■ **THE RECORDS**:
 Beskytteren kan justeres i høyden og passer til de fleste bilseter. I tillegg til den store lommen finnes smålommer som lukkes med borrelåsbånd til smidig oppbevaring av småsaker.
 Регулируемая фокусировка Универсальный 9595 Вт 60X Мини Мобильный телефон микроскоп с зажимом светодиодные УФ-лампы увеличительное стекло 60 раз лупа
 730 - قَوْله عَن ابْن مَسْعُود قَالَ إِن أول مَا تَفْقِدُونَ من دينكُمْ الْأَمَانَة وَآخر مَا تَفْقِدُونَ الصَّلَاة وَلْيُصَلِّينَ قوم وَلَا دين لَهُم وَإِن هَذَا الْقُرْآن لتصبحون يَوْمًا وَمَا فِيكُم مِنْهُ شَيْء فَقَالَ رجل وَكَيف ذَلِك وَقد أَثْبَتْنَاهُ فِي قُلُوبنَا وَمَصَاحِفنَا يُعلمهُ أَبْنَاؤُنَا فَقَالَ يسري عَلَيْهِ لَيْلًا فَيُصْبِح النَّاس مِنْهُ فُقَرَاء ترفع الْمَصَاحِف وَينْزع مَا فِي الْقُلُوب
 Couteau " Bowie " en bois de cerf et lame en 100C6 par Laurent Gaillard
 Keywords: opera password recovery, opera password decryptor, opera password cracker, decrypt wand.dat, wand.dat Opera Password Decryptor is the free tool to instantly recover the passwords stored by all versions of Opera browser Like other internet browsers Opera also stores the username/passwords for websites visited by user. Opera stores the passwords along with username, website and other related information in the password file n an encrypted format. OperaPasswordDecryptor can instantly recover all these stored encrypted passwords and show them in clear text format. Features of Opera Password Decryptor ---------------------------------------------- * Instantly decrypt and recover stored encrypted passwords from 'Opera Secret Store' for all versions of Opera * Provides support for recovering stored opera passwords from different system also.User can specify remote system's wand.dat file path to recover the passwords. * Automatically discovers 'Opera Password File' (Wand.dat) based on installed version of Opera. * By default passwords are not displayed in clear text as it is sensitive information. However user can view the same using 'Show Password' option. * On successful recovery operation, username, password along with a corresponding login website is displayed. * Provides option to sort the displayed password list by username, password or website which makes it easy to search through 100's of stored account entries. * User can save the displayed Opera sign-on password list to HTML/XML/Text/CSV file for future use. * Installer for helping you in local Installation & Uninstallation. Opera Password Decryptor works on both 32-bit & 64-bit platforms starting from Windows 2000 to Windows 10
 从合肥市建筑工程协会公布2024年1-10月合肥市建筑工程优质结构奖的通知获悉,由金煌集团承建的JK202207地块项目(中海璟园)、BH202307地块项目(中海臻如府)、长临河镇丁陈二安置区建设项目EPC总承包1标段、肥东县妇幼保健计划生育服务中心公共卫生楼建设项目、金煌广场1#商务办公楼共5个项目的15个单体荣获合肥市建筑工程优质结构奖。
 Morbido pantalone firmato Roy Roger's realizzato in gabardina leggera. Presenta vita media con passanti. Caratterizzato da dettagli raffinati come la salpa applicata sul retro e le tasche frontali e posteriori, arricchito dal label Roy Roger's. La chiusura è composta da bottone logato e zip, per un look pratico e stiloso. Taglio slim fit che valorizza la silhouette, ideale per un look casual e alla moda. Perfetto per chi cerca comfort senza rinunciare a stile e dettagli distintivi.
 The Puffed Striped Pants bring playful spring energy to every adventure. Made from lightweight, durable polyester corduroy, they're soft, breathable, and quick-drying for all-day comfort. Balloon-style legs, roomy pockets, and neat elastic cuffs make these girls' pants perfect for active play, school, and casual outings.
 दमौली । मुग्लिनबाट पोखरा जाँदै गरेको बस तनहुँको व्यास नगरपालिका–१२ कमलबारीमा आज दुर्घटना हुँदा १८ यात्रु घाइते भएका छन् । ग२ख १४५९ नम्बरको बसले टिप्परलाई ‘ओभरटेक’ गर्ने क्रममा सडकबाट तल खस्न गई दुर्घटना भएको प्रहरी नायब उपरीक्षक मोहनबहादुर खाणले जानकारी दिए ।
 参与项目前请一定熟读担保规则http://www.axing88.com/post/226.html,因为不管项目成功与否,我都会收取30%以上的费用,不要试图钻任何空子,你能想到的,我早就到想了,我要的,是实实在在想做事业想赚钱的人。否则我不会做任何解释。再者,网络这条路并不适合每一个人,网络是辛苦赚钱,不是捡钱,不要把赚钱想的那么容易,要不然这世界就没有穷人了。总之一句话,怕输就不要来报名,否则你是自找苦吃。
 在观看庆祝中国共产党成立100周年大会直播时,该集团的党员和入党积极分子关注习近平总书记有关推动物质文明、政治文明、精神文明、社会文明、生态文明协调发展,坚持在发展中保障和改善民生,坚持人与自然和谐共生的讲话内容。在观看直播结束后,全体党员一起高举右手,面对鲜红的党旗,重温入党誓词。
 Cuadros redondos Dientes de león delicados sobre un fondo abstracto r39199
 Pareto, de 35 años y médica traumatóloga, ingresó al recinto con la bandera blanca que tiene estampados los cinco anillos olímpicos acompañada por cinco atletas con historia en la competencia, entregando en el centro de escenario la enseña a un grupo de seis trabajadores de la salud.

■ **YOUR GOAL**: Would you write out the full set of records above without alteration?

■ **TASK OUTPUT**:
 Beskytteren kan justeres i høyden og passer til de fleste bilseter. I tillegg til den store lommen finnes smålommer som lukkes med borrelåsbånd til smidig oppbevaring av småsaker.
 Регулируемая фокусировка Универсальный 9595 Вт 60X Мини Мобильный телефон микроскоп с зажимом светодиодные УФ-лампы увеличительное стекло 60 раз лупа
 730 - قَوْله عَن ابْن مَسْعُود قَالَ إِن أول مَا تَفْقِدُونَ من دينكُمْ الْأَمَانَة وَآخر مَا تَفْقِدُونَ الصَّلَاة وَلْيُصَلِّينَ قوم وَلَا دين لَهُم وَإِن هَذَا الْقُرْآن لتصبحون يَوْمًا وَمَا فِيكُم مِنْهُ شَيْء فَقَالَ رجل وَكَيف ذَلِك وَقد أَثْبَتْنَاهُ فِي قُلُوبنَا وَمَصَاحِفنَا يُعلمهُ أَبْنَاؤُنَا فَقَالَ يسري عَلَيْهِ لَيْلًا فَيُصْبِح النَّاس مِنْهُ فُقَرَاء ترفع الْمَصَاحِف وَينْزع مَا فِي الْقُلُوب
 Couteau " Bowie " en bois de cerf et lame en 100C6 par Laurent Gaillard
 Keywords: opera password recovery, opera password decryptor, opera password cracker, decrypt wand.dat, wand.dat Opera Password Decryptor is the free tool to instantly recover the passwords stored by all versions of Opera browser Like other internet browsers Opera also stores the username/passwords for websites visited by user. Opera stores the passwords along with username, website and other related information in the password file n an encrypted format. OperaPasswordDecryptor can instantly recover all these stored encrypted passwords and show them in clear text format. Features of Opera Password Decryptor ---------------------------------------------- * Instantly decrypt and recover stored encrypted passwords from 'Opera Secret Store' for all versions of Opera * Provides support for recovering stored opera passwords from different system also.User can specify remote system's wand.dat file path to recover the passwords. * Automatically discovers 'Opera Password File' (Wand.dat) based on installed version of Opera. * By default passwords are not displayed in clear text as it is sensitive information. However user can view the same using 'Show Password' option. * On successful recovery operation, username, password along with a corresponding login website is displayed. * Provides option to sort the displayed password list by username, password or website which makes it easy to search through 100's of stored account entries. * User can save the displayed Opera sign-on password list to HTML/XML/Text/CSV file for future use. * Installer for helping you in local Installation & Uninstallation. Opera Password Decryptor works on both 32-bit & 64-bit platforms starting from Windows 2000 to Windows 10
 从合肥市建筑工程协会公布2024年1-10月合肥市建筑工程优质结构奖的通知获悉,由金煌集团承建的JK202207地块项目(中海璟园)、BH202307地块项目(中海臻如府)、长临河镇丁陈二安置区建设项目EPC总承包1标段、肥东县妇幼保健计划生育服务中心公共卫生楼建设项目、金煌广场1#商务办公楼共5个项目的15个单体荣获合肥市建筑工程优质结构奖。
 Morbido pantalone firmato Roy Roger's realizzato in gabardina leggera. Presenta vita media con passanti. Caratterizzato da dettagli raffinati come la salpa applicata sul retro e le tasche frontali e posteriori, arricchito dal label Roy Roger's. La chiusura è composta da bottone logato e zip, per un look pratico e stiloso. Taglio slim fit che valorizza la silhouette, ideale per un look casual e alla moda. Perfetto per chi cerca comfort senza rinunciare a stile e dettagli distintivi.
 The Puffed Striped Pants bring playful spring energy to every adventure. Made from lightweight, durable polyester corduroy, they're soft, breathable, and quick-drying for all-day comfort. Balloon-style legs, roomy pockets, and neat elastic cuffs make these girls' pants perfect for active play, school, and casual outings.
 दमौली । मुग्लिनबाट पोखरा जाँदै गरेको बस तनहुँको व्यास नगरपालिका–१२ कमलबारीमा आज दुर्घटना हुँदा १८ यात्रु घाइते भएका छन् । ग२ख १४५९ नम्बरको बसले टिप्परलाई ‘ओभरटेक’ गर्ने क्रममा सडकबाट तल खस्न गई दुर्घटना भएको प्रहरी नायब उपरीक्षक मोहनबहादुर खाणले जानकारी दिए ।
 参与项目前请一定熟读担保规则http://www.axing88.com/post/226.html,因为不管项目成功与否,我都会收取30%以上的费用,不要试图钻任何空子,你能想到的,我早就到想了,我要的,是实实在在想做事业想赚钱的人。否则我不会做任何解释。再者,网络这条路并不适合每一个人,网络是辛苦赚钱,不是捡钱,不要把赚钱想的那么容易,要不然这世界就没有穷人了。总之一句话,怕输就不要来报名,否则你是自找苦吃。
 在观看庆祝中国共产党成立100周年大会直播时,该集团的党员和入党积极分子关注习近平总书记有关推动物质文明、政治文明、精神文明、社会文明、生态文明协调发展,坚持在发展中保障和改善民生,坚持人与自然和谐共生的讲话内容。在观看直播结束后,全体党员一起高举右手,面对鲜红的党旗,重温入党誓词。
 Cuadros redondos Dientes de león delicados sobre un fondo abstracto r39199
 Pareto, de 35 años y médica traumatóloga, ingresó al recinto con la bandera blanca que tiene estampados los cinco anillos olímpicos acompañada por cinco atletas con historia en la competencia, entregando en el centro de escenario la enseña a un grupo de seis trabajadores de la salud.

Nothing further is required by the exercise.